▸ **WORK TO BE COMPLETED**
Quote the lines of the data below verbatim, beginning at the line that contains "Jaini & Sagar" and ending at the last line, both included, and excluding pictures.

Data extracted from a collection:

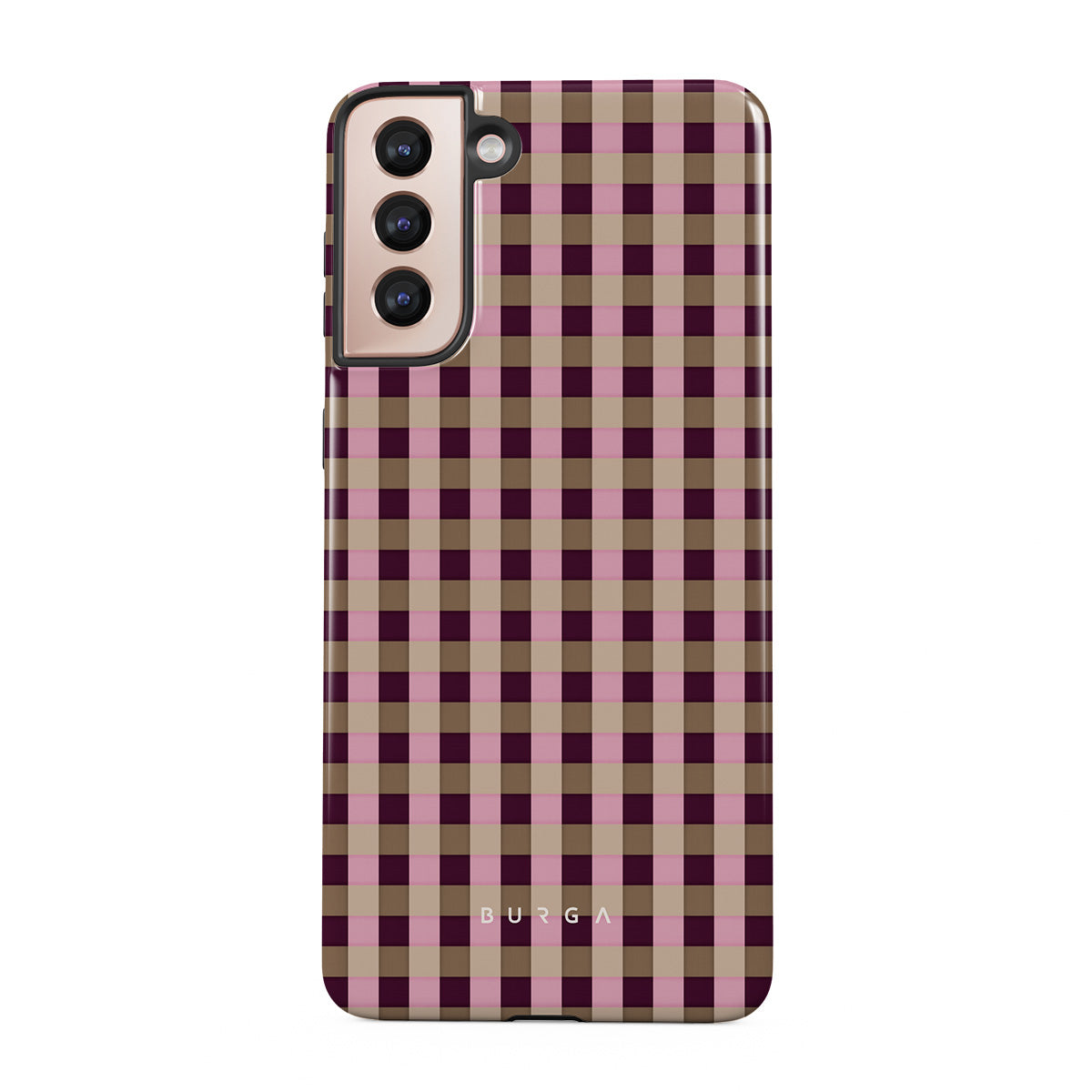 This design features: pink and burgundy plaid pattern, modern checkered style.
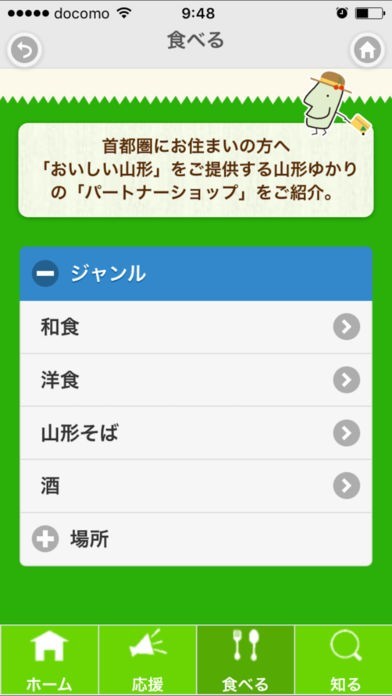 「ジャンル」「場所」からお店を検索し、山形の味が味わえる「パートナーショップ」へ足をお運びください。
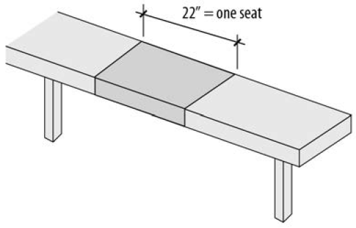 Bench Seating. For the purpose of calculating parking requirements based on seating, each twenty-two linear inches of bench or pew length is equivalent to one seat.
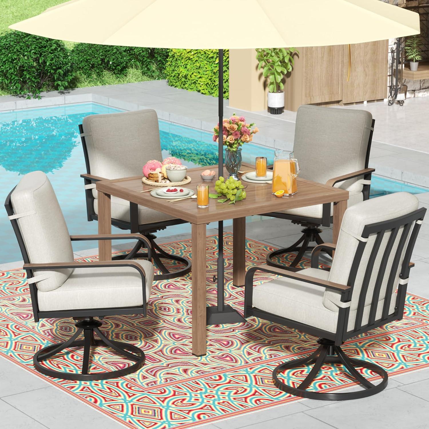 When we set this dining set up on our lawn, the all-weather frame immediately stood out. Thanks to the rust-proof electroplating and powder coating, occasional dewy mornings and sudden showers caused no worry about corrosion or rust. The wood-like finish harmonizes beautifully with grass and garden surroundings, creating a cozy but natural dining atmosphere. Plus,the 1.65-inch umbrella hole gave us the flexibility to add shade when needed, especially during radiant sunny afternoons. The swivel chairs with their gentle rocking motion were a hit, allowing us to move easily around the table while engaging in conversation or watching kids play nearby.
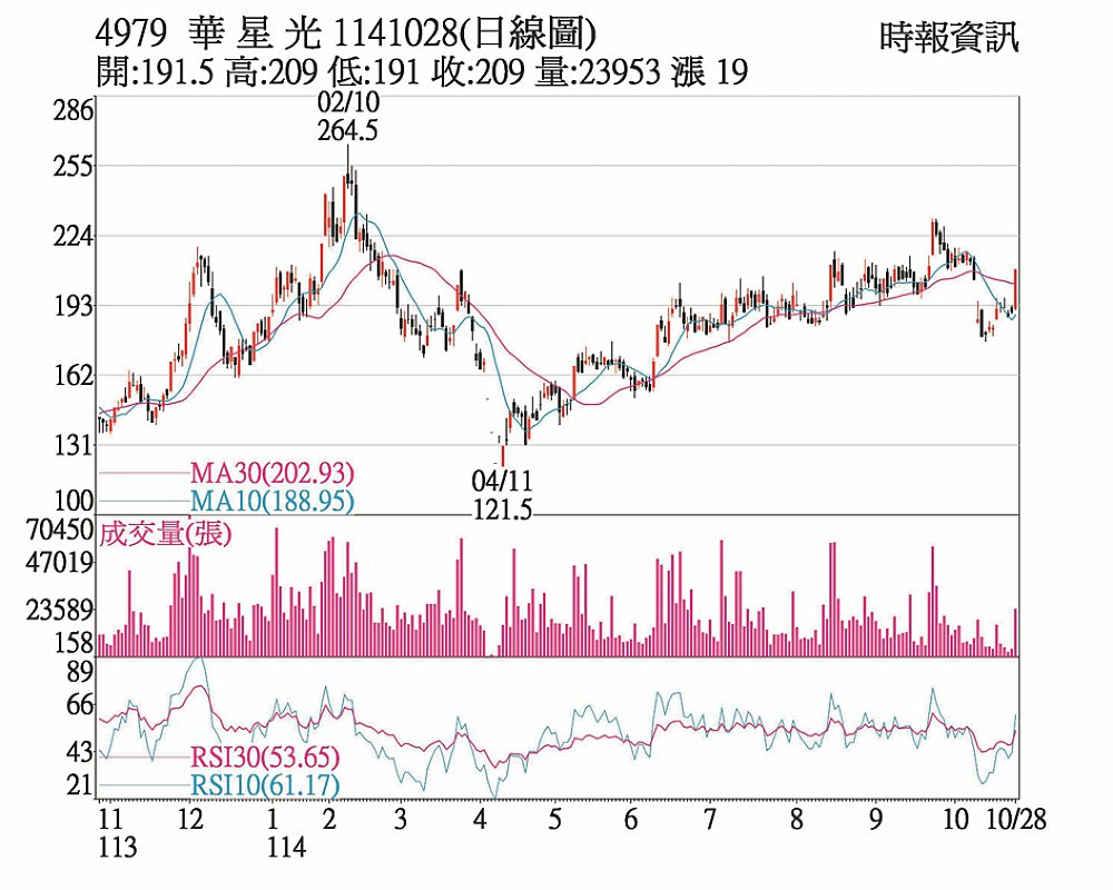華星光(4979)28日以191.5元開出,短暫震盪後買盤湧入,股價一路拉升至鎖住漲停,終場收在209元,上漲19元,成功突破短期壓力區,中長期均線走強,買盤動能重新啟動,成交量放大至2.36萬張,為10月中旬以來新高,呈現「價漲量增」格局。
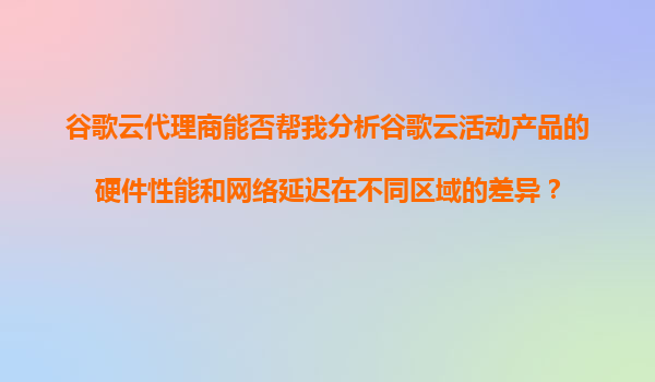 2025-11-08谷歌云代理商如何幫助分析不同區(qū)域的硬件性能與網(wǎng)絡(luò)延遲差異 引言 隨著全球數(shù)字化進(jìn)程的加速,企業(yè)對于云計(jì)算服務(wù)的需求日益增長。谷歌云(GoogleCloud)作為全球領(lǐng)先的云計(jì)算平臺(tái)之一,以其高性能的...
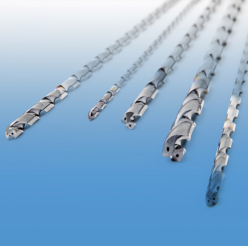El taladrado de agujeros profundos y pequeños en diámetro es una operación común en la fabricación de otros componentes aeroespaciales. Las nuevas brocas de metal duro integral de Iscar en el rango de diámetro de 3 a 10 mm (Fig. 3) están destinadas específicamente a tal operación. La combinación de una geometría de punta autocentrante, un diseño de doble guía en la periferia, canales pulidos, un recubrimiento multicapa y agujeros para la refrigeración interna, proporcionan una notable familia de herramientas para taladros eficaces hasta profundidades de hasta 50 veces el diámetro aceros austeníticos y resistentes, difíciles de cortar y aleaciones base hierro.
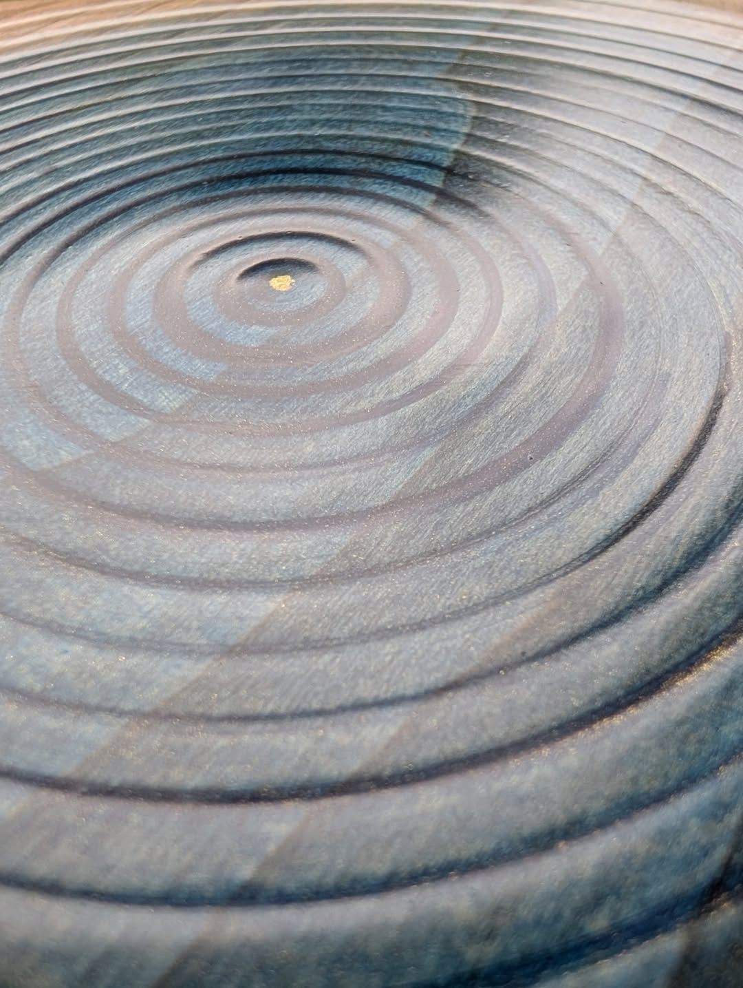一滴の雫から広がる波紋のように、素敵な深いブルーです。
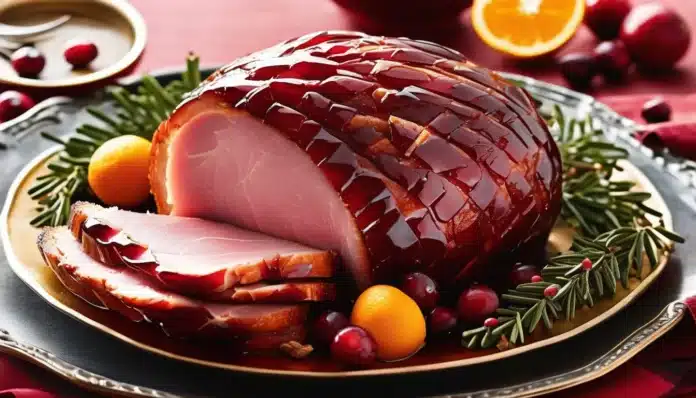 - Bake the Ham: Place the covered ham in the preheated oven and bake for about 1 1/2 to 2 hours, or until the internal temperature reaches 140°F (60°C). Baste the ham with some of the cranberry glaze every 30 minutes.
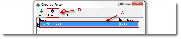 4a. If matches were found, highlight the person in the results grid (A), and then click the “Choose” button (B).
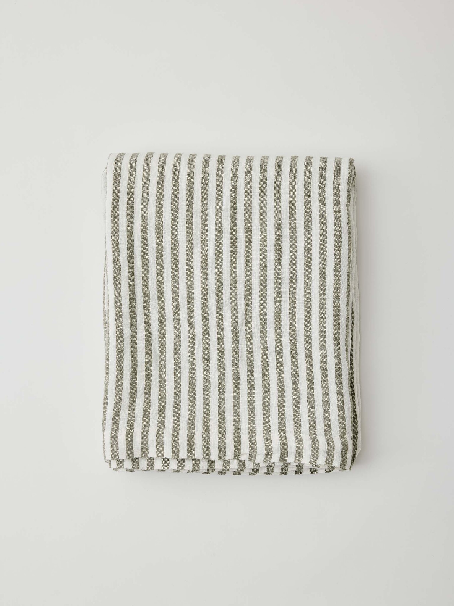 Handwoven tablecloth in 100% linen with a decorative selvage edge.
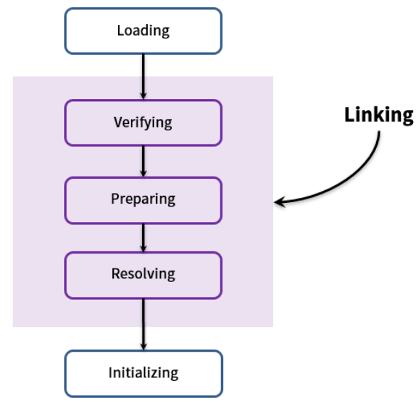 Initialization(초기화) : 클래스 변수들을 적절한 값으로 초기화 (static 필드들을 설정된 값으로 초기화 등)
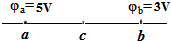 5、选择题  如图所示,a、b、c为电场中同一条水平电场线上的三点,c为a、b的中点,a、b两点的电势分别为φa=5v,φb=3V,则下列叙述正确的是(  )
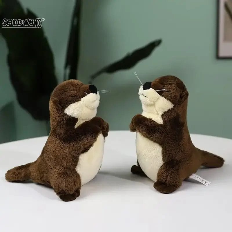 Cute Otters Holding Fish Plush Toy Car Interior Cartoon Sea Otter Stuffed Animal Decor Accessories For Kids Girls Birthday Gift
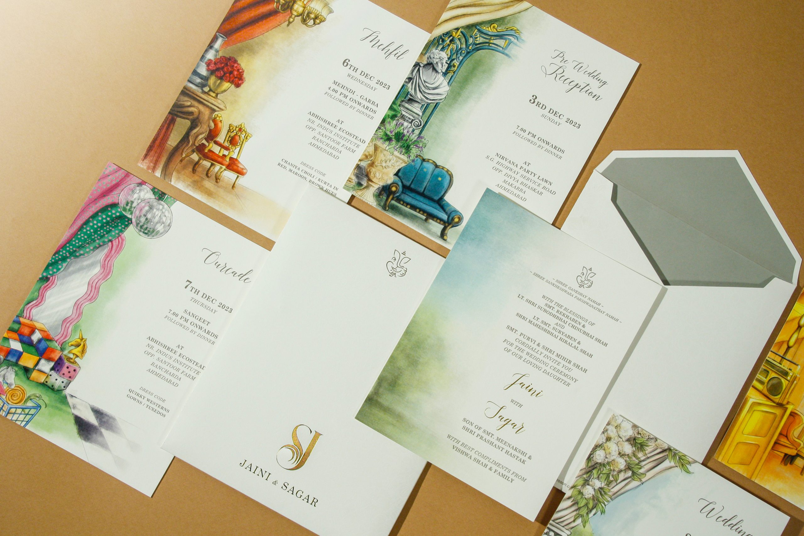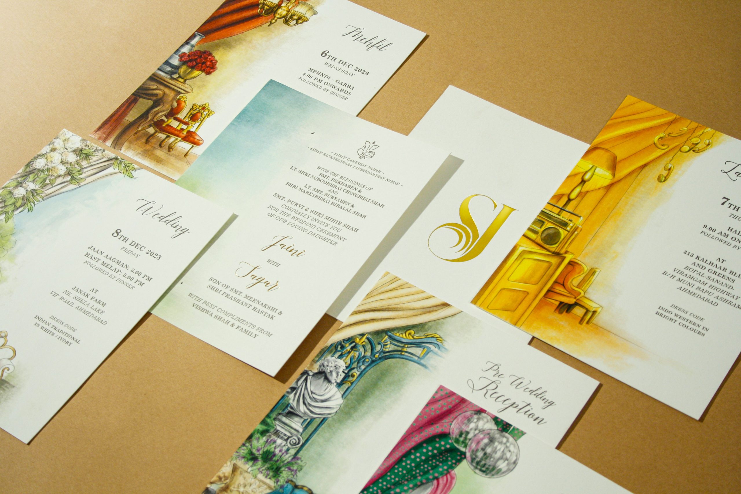 Jaini & Sagar Illustrative Letterpress Wedding Card
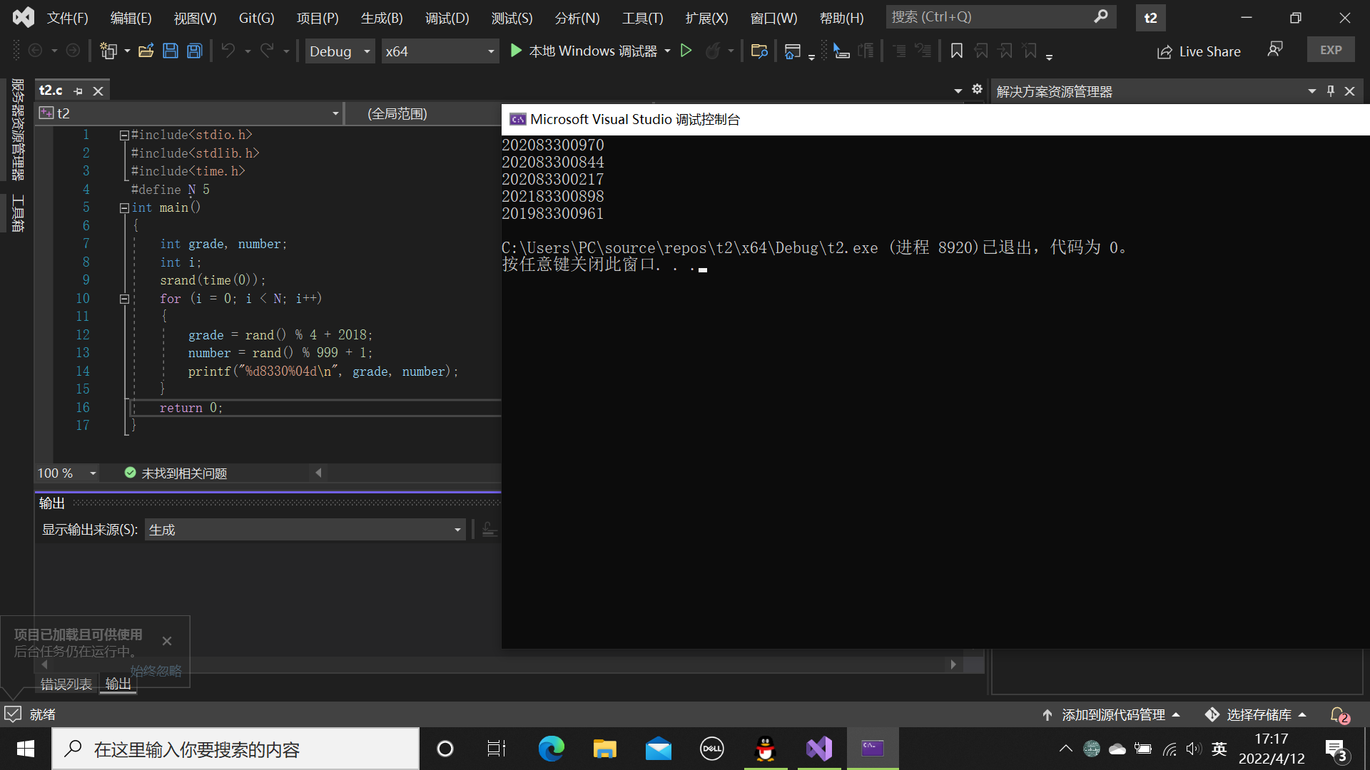 #define _CRT_SECURE_NO_WARNINGS #include<stdio.h> #include<time.h> #define N 5 int main() { int grade, number; int i; srand(time(0)); for (i = 0; i < N; ++i) { grade = rand() % 4 + 2018; number = rand() % 999 + 1; printf("%d8330%04d\n", grade, number); } return 0; }

▸ **REPLY**
 Jaini & Sagar Illustrative Letterpress Wedding Card
 #define _CRT_SECURE_NO_WARNINGS #include<stdio.h> #include<time.h> #define N 5 int main() { int grade, number; int i; srand(time(0)); for (i = 0; i < N; ++i) { grade = rand() % 4 + 2018; number = rand() % 999 + 1; printf("%d8330%04d\n", grade, number); } return 0; }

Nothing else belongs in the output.